А пока факту результат практики должен быть другим: я вот эту медитацию сделаю, и страдания людей вокруг меня уменьшатся.

И это касается только сутры махаяны. В тантре без этого зерна жертвования собой ради других делать нечего.

----------

Нико (21.04.2012)

----------


## Топпер

> Ну, дело в том, что такое эта бодхичитта действия? Как я понимаю, это выполнение на деле практики шести парамит. Т.е. это можно и нужно делать ещё до 1-го бхуми бодхисаттвы. Если Вы дели обеты бодхисаттвы, то нужно выполнять обеты. Т.е. действовать... Хотя верно, что так называемые "запретные" действия правомерны только в случае наличия настоящего ясновидения.... Запретные действия отличаются от жёстких мер, насколько я поняла этот момент.


Практика шести парами и в тхераваде есть. Вряд ли это сделает бодхисаттой.



> потому что «гнев» может быть позитивным в особых обстоятельствах. Это происходит тогда, когда гнев мотивируется состраданием или является катализатором  побуждающим фактором для благих действий. В подобных редких ситуациях гнев может быть позитивным, в то время как ненависть -- не может. Она совершенно негативна.


Не может. Гнев и ненависть связанны друг с другом. Когда возникает гнев, тогда есть и ненависть. И наоборот.
Это православные только делят жизнь на праведный и неправедный гнев  :Smilie:

----------


## Топпер

> О: Одна из причин необходимости в жёстком противостоянии с человеком, который вам вредит, состоит в том, что, если вы позволите ему это, данный человек рискует привыкнуть к чрезвычайно вредоносным действиям, которые в долгосрочной перспективе приведут его к весьма губительным последствиям.  Следовательно, необходимо принимать жёсткие ответные меры, из сострадания и заботы о других.
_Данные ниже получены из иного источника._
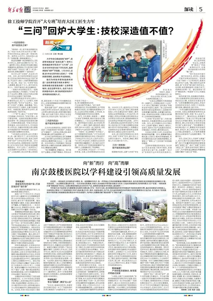 诊室里,一张张面孔交织着焦虑与期待,每一双紧攥病历的手、每一声带着忐忑的问询都藏着对健康的渴求,他们希望能在南京鼓楼医院找到解决方案;实验室里,一台台精密仪器运转不息,一次次实验反复推演,科研人员向着医疗研究新突破全力攻坚,让临床的疑难转化为科研的靶点;在产业端,一项项成果打着“鼓楼医院”的印记,从理论模型到惠及民生的诊疗产品,成果转化的链条环环相扣,喜讯频传……学科能力水平是国家卫生健康事业发展的关键支撑,作为一所百年名院,南京鼓楼医院始终将学科建设作为医院发展的引擎,通过系统规划与持续投入,目前医院已拥有15个国家级重点学科与临床重点专科,骨科、风湿免疫科、妇产科、内分泌科和神经内科等重点学科的集群效应日益凸显,有力驱动了医院整体诊疗服务能力和疑难危重症救治水平的全面提升,为护航人民健康贡献“鼓医智慧”与“鼓医力量”。科室,是医院的基础医疗单元,也是距离患者最近的地方。医院门诊下午两点开诊,而运动医学与成人重建外科主任蒋青教授常常12点半左右就会出现在诊室,一下午的时间,看60多个患者是常事。复杂髋/膝置换与翻修、机器人辅助的髋/膝关节置换、关节镜微创手术……年手术量近6000台,蒋青团队近年来一直保持着江苏关节手术量第一的纪录。蒋青教授还带领团队建立了国内最大的骨关节疾病遗传生物样本库、骨科术后血栓生物样本库,率先报道了多个与中国人群相关的骨关节炎、发育性髋关节发育不良的易感及致病基因,构建起了“四位一体”综合防治模式,使骨关节手术血栓发生率由74%下降至4%,血栓相关死亡率更是降至0。该技术在全国近30家医疗机构推广应用,降低患者血栓相关疾病治疗费用2000余万元,极大提升了患者满意度。最近,团队关于“骨关节疾病智慧医疗新范式及创新医疗器械研发与应用”成果又荣获2025年度南京市十大科技创新成果,成为“创新惠民生”在骨科领域的生动体现。同样挤满患者的,还有神经内科主任徐运教授的门诊。刚刚当选中华医学会神经病学分会候任主任委员的徐运教授,从医30余年始终聚焦认知障碍与脑血管疾病的诊疗攻关,所在神经内科是中国首家通过世界卒中组织认证的国际高级卒中中心、国家首批核心高级认知障碍诊疗中心。团队开发的电子化筛查平台覆盖了全省52家社区卫生服务中心和231家二、三级医院。能更早预警的分子标志物也已经有了“眉目”,只需一管外周血就能筛出极早期高危患者,为阿尔茨海默病的早诊早治提供了革命性工具。生殖医学科的诊间吸引了来自全国的患者夫妇。从1997年完成江苏省首例试管婴儿,到率先提出同步化促排卵方案,将全国试管婴儿成功率从30%—35%提升至60%左右,这所年接诊超20万人次的生殖医学中心稳居全国顶尖行列。近年来,专家们将目光投向了更前沿的干细胞技术,妇产科胡娅莉教授首创干细胞修复宫腔粘连和子宫内膜瘢痕化,中华医学会生殖医学分会主任委员、生殖医学科主任孙海翔教授首创脐带间充质干细胞治疗卵巢早衰,相关技术已在海南博鳌落地,让更多曾经被宣判“无望”的不孕夫妇,重燃生育希望……每一张挂号单的背后,都是患者沉甸甸的信任与期盼,而南京鼓楼医院以硬核学科实力,郑重回应这份选择与托付。数据见证着实力的进阶:门急诊总量稳步攀升,出院病人手术占比、四级手术占比、微创手术占比均达到国家绩效考核满分标准,反映收治病例疑难危重程度的病例组合指数(CMI)达1.62,多项核心技术指标稳居全国第一方阵。与此同时,医院不仅以精湛技术破解诸多疑难杂症,更以人文服务赢得全国患者的信赖与社会各界的高度认可,在国家公立医院绩效监测中,鼓楼医院连续六年位列全国第一方阵,等级A++(最高等级),其中门诊患者满意度连续4年荣获满分,住院患者满意度连续6年保持满分。“孙主任,能挂到您的号,我感觉自己的病已经好一半了!”风湿免疫科孙凌云教授的门诊通常在早上7点半开始,前来求诊的患者,往往已经辗转多地,备受疾病折磨。早在1998年,孙凌云教授带领团队完成亚洲首例自体造血干细胞移植治疗红斑狼疮,2007年又使用间充质干细胞方案成功治疗两位重症红斑狼疮患者,成为全球首批临床案例。目前该方案已治疗3000余例免疫疾病患者,有效率高达60%。凭借这项技术,孙凌云及团队不仅荣获国家技术发明奖二等奖,还让国外专家纷纷到南京取经,让中国技术走向世界舞台。如今,他开展的新药脐带间充质干细胞注射液的研发已顺利推进到了二期临床,倘若开发成功,患者的治疗费用将会大幅降低。2025年,因为卓越的医学贡献,孙凌云又荣获第十八届中国药学发展奖临床医药研究突出成就奖。更多的喜讯还在传来。2025年12月,中华医学会糖尿病学分会前任主任委员、内分泌科朱大龙教授团队牵头全球首创新一类降糖药研究,成果登上了国际顶级学术期刊《自然》。针对传统降糖药易导致体重增加的“跷跷板”困境,朱大龙团队研发的双靶激动剂,每周只需皮下注射一次,即可同时实现血糖控制和体重减轻,成为全球首个且唯一获批上市的GCG/GLP-1天然双靶减重降糖药物,让更多患者受益。这是我国新药Ⅲ期研究成果首次登上该杂志,也是杂志创刊以来首次在代谢和内分泌疾病领域背靠背同步发表了两项Ⅲ期临床研究成果。科研创新的

Когда вами руководит это постижение, частью вашей мотивации для принятия жёстких ответных мер является забота о других.


Т.е. тот же Буш, ведя войну в Ираке и Афганистане, или тот же Обама ведя войну в Ливии, по этой классификации совершали благие дела? Тоже ведь демократию и освобождение от беспринципных диктаторов несли на штыках.



> Мы сознательно пытаемся не дать этим эмоциям одержать над нами верх. Поэтому, даже если появляется некое подобие гнева, мы осознаём это и пытаемся избавиться от него, сознательно развивая в себе сострадание к китайцам.


Интересно, что такое "подобие гнева"? Гнев он или есть, или его нет.

----------


## Же Ка

> ...И это касается только сутры махаяны. В тантре без этого зерна жертвования собой ради других делать нечего.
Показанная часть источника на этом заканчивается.